Res2Net/Res2Net-PretrainedModels

Res2NeXt on Cifar100

qiangwang57 opened this issue · 13 comments

Hi @gasvn ,

Thanks for the brilliant work!

I have a couple of simple questions regarding Res2NeXt on Cifar100.

  1. The implementation for ImageNet used the block without hierarchical addition for downsampling, but the code you mentioned in other issue threads (https://gist.github.com/gasvn/cd7653ef93fb147be05f1ae4abad6589) used group convolutions as the first block at each stage for downsampling instead. I wonder which one is the correct one?
  2. Did you use batch size 256 or 128 for the training? I saw your init LR was set to 0.05, which was used by ResNeXt for batch size 256.

Best wishes,

Qiang

gasvn commented

What's your reproduced number? The downsampling module has no hierarchical addition. And use group conv or the form in the res2net for imagenet for the dowmsampling module have similar results on cifar100. I use batch-size of 64 and lr=0.05 on cifar100 without tuning.

gasvn commented

Please let me know if you still cannot reproduce our results.

Thanks @gasvn for the timely response.

I follow the architecture on ImageNet with batch size 128 and lr 0.1 using 4 GPUs. I managed to reproduce the ResNeXt results, but for Res2NeXt, it is only 80.78.

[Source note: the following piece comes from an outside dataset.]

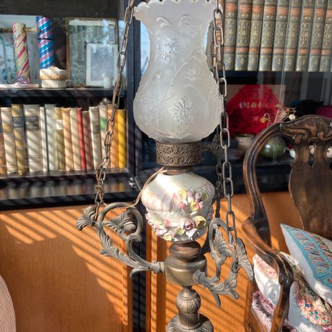 Vanha kattolamppu, iästä en osaa sanoa mutta toimiva on. On jäänyt tarpeettomaksi, toimiva on.
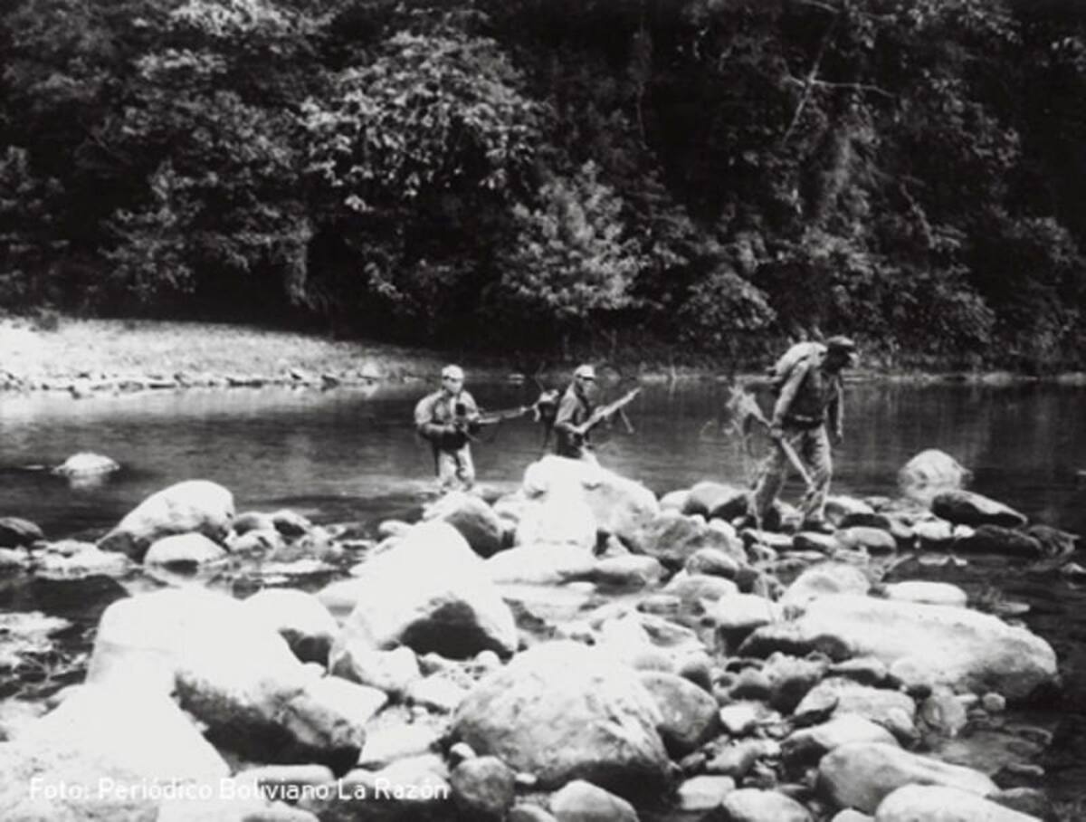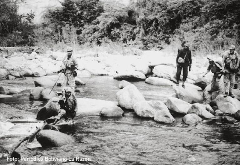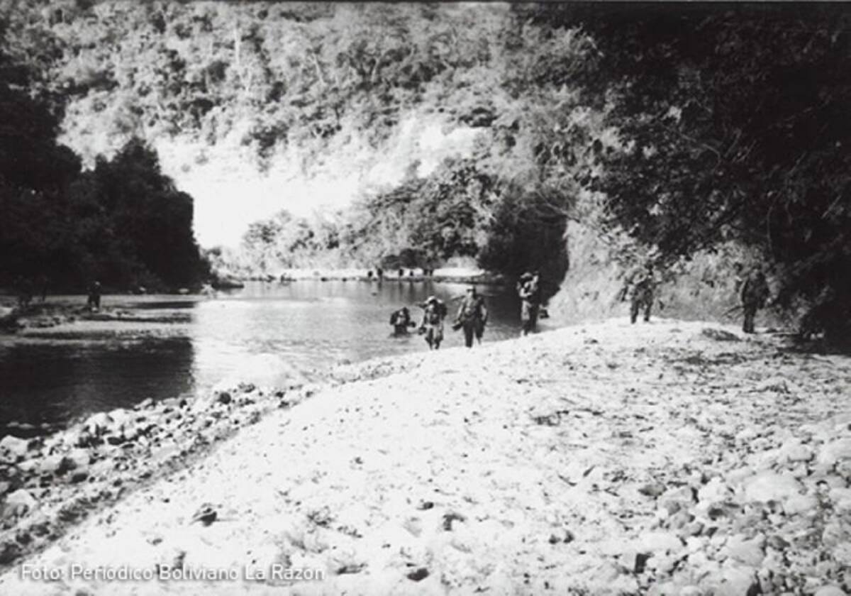 Esta foto muestra una caminata militar en busca de subversivos por los ríos del país andino, que el periodista Carlos Soria destaca como escenario de guerra.

The only difference I found is the mean and std, where yours are
mean = [0.485, 0.456, 0.406],
std = [0.229, 0.224, 0.225]
which are for ImageNet. I wonder why you choose them for cifar100?

gasvn commented

I didn't notice this when I was training the Res2NeXt. Maybe you can try to use one gpu with batchsize 64 as I did. From my experience, it should not be hard to reproduce the result. I will send you my code once I found it.

I didn't notice this when I was training the Res2NeXt. Maybe you can try to use one gpu with batchsize 64 as I did. From my experience, it should not be hard to reproduce the result. I will send you my code once I found it.

Thanks @gasvn , I will try it and get back to you with the results.

Hi @gasvn ,

I have tried different combinations of downsampling block, batch size, lr, # GPUs, and mean and std, but unfortunately, I did not manage to reproduce the results, even close. The best so far is over 18%.

gasvn commented

Have you manage to reproduce our results?

gasvn commented

I managed to find the code I used for training the res2net on cifar100.
It can reproduce the result of Res2NeXt-29, 6c×24w×4s

  • BestPrec so far@1 83.020 in epoch 273

https://gist.github.com/gasvn/a1793919427f799e74bb7c900af11d4c

I managed to find the code I used for training the res2net on cifar100.
It can reproduce the result of Res2NeXt-29, 6c×24w×4s

  • BestPrec so far@1 83.020 in epoch 273

https://gist.github.com/gasvn/a1793919427f799e74bb7c900af11d4c

Perfect! Thank you very much! I will let you know the results!

I assume the following parameters you used for the training:
batch size: 64
init LR: 0.05
single GPU

Apart from those, anything else I need to pay special attention?

Cheers, Qiang

gasvn commented

Have you manage to reproduce our results? Sorry, there is nothing else that I can help you with.

请问在stride=2的时候,前后两个尺寸不一样是怎么融合呢,直接相加会不会又问题啊

Have you manage to reproduce our results? Sorry, there is nothing else that I can help you with.

Unfortunately, I did not manage to reproduce the results, even close ones.

Anyway, really appreciate your help!